Vanaf ongeveer halverwege het boek gaat het verslag van de verkenningsvlucht, dat van het begin af aan al herhaaldelijk werd onderbroken door bespiegelingen, herinneringen en vrije associaties van de schrijver, evenwel steeds meer over in een essay, dat tegen het slot zelfs de allures krijgt van een meditatie over de Mens – met een nadrukkelijke hoofdletter.

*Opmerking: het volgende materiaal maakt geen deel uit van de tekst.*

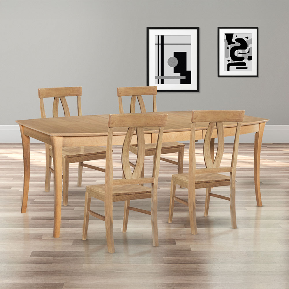 The Verona 5-Piece Dining Set in a warm honey finish brings classic dining style with everyday flexibility. Featuring the Verona Butterfly Extension Table and four matching dining chairs, this set easily expands for family meals, guests, and casual gatherings while creating a welcoming dining space.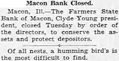 Macon Bank Closed. Macon, Ill.-The Farmers State Bank of Macon, Clyde Young president. closed Tuesday by order of the directors, to conserve the assets and protect depositors. Of all nests, a humming bird's is the most difficult to find.

Die meer abstracte overpeinzingen van Saint-Exupéry vond ik nog boeiender dan het verslag van de krijgshandelingen. Zij hebben betrekking op nog altijd actuele begrippen als mens-zijn, gemeenschapszin, de absurditeit en de zin van oorlog. Maar ook – het boek is immers van na de Franse capitulatie – op begrippen en emoties die nu misschien minder tot de verbeelding spreken, zoals nederigheid, opoffering, het vaderland, het verwerken van de nederlaag van een beschaafd land tegen een barbaars regime: “Ik begrijp de betekenis van nederigheid. Het is niet jezelf kleineren. Het is de grondslag van ons handelen. Als ik, om mezelf vrij te pleiten, mijn tegenslagen op het noodlot schuif, onderwerp ik me aan het noodlot. Schuif ik ze op verraad, dan onderwerp ik me aan verraad. Maar als ik mijn schuld op me neem, maak ik aanspraak op wat ik als mens vermag. Dan heb ik invloed op hetgeen waartoe ik behoor. Dan maak ik deel uit van de gemeenschap.”

De Nederlandse lezer van nu kan bovendien de laatste vijftig bladzijden van het boek bijna niet anders lezen dan als een waarschuwing, bijna zestig jaar voor dato, tegen het gedachtegoed van de hedendaagse Nederlandse PVV. Die partij heeft Saint-Exupéry natuurlijk nooit gekend, maar de denkwijze die aan haar wereldbeeld ten grondslag ligt, was hem zijn leven lang volstrekt vreemd: “Burgers in mijn samenleving die van mij verschillen krenken me geenszins, ze verrijken me.”